PS D:\darknet\vcpkg\installed\x64-windows\tools\darknet> ./darknet detector test ./cfg/coco.data ./cfg/yolov4.cfg yolov4.weights data/dog.jpg CUDA-version: 11060 (11060), cuDNN: 8.4.0, GPU count: 1 OpenCV version: 4.5.5 0 : compute_capability = 750, cudnn_half = 0, GPU: NVIDIA GeForce RTX 2060 net.optimized_memory = 0 mini_batch = 1, batch = 8, time_steps = 1, train = 0 layer filters size/strd(dil) input output 0 Create CUDA-stream - 0 Create cudnn-handle 0 conv 32 3 x 3/ 1 608 x 608 x 3 -> 608 x 608 x 32 0.639 BF 1 conv 64 3 x 3/ 2 608 x 608 x 32 -> 304 x 304 x 64 3.407 BF 2 conv 64 1 x 1/ 1 304 x 304 x 64 -> 304 x 304 x 64 0.757 BF 3 route 1 -> 304 x 304 x 64 ... [yolo] params: iou loss: ciou (4), iou_norm: 0.07, obj_norm: 1.00, cls_norm: 1.00, delta_norm: 1.00, scale_x_y: 1.05 nms_kind: greedynms (1), beta = 0.600000 Total BFLOPS 128.459 avg_outputs = 1068395 Allocate additional workspace_size = 18.88 MB Loading weights from yolov4.weights... seen 64, trained: 32032 K-images (500 Kilo-batches_64) Done! Loaded 162 layers from weights-file Detection layer: 139 - type = 28 Detection layer: 150 - type = 28 Detection layer: 161 - type = 28 data/dog.jpg: Predicted in 502.524000 milli-seconds. 😱😱😱 bicycle: 92% dog: 98% truck: 92% pottedplant: 33%
Hi, I have the same problem. Inference time is too slow even though I set the GPU and CUDNN=1. I think you found the way to turn on the GPU or CUDA. Please let us know the solution. Thanks in advance.
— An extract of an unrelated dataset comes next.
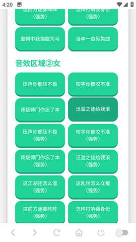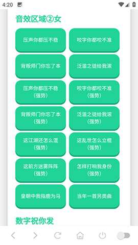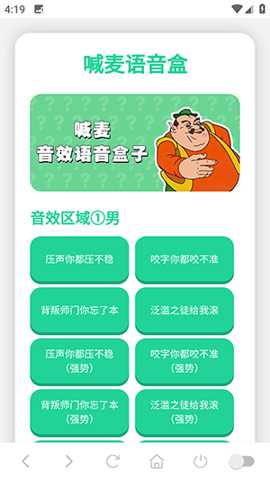 1. 海量音效即点即用,操作极致简化: 应用从根本上解决了用户寻找和播放趣味音效流程繁琐的痛点。用户无需复杂搜索或等待下载,进入应用后,海量音效以直观的列表或分类形式呈现,只需随机点击或选择心仪的音效,便能立即听到对应的语音。这种所见即所得的零门槛操作设计,让任何年龄段的用户都能轻松上手,快速将想法转化为趣味语音,极大地降低了创意表达的技术门槛。

Hi, I have the same problem. Inference time is too slow even though I set the GPU and CUDNN=1. I think you found the way to turn on the GPU or CUDA. Please let us know the solution.
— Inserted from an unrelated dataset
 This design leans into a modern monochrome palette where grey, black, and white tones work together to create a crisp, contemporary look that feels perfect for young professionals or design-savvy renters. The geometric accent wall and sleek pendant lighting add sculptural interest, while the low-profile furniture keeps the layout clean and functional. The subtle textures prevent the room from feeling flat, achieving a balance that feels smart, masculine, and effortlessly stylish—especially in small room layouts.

The solution I recommend is to use this Darknet/YOLO repo: https://github.com/hank-ai/darknet#table-of-contents
The repo you are attempting to use is no longer maintained.
If something doesn’t work for you, then show 2 screenshots:
i used the
PS D:\> .\vcpkg install darknet[full]:x64-windows
to install darknet successfully! after testing, i found that the detection was too slow! it looks like the GPU isn't speeding up!BUT, in my yolov3, it's very fast. same machine, same hard devices.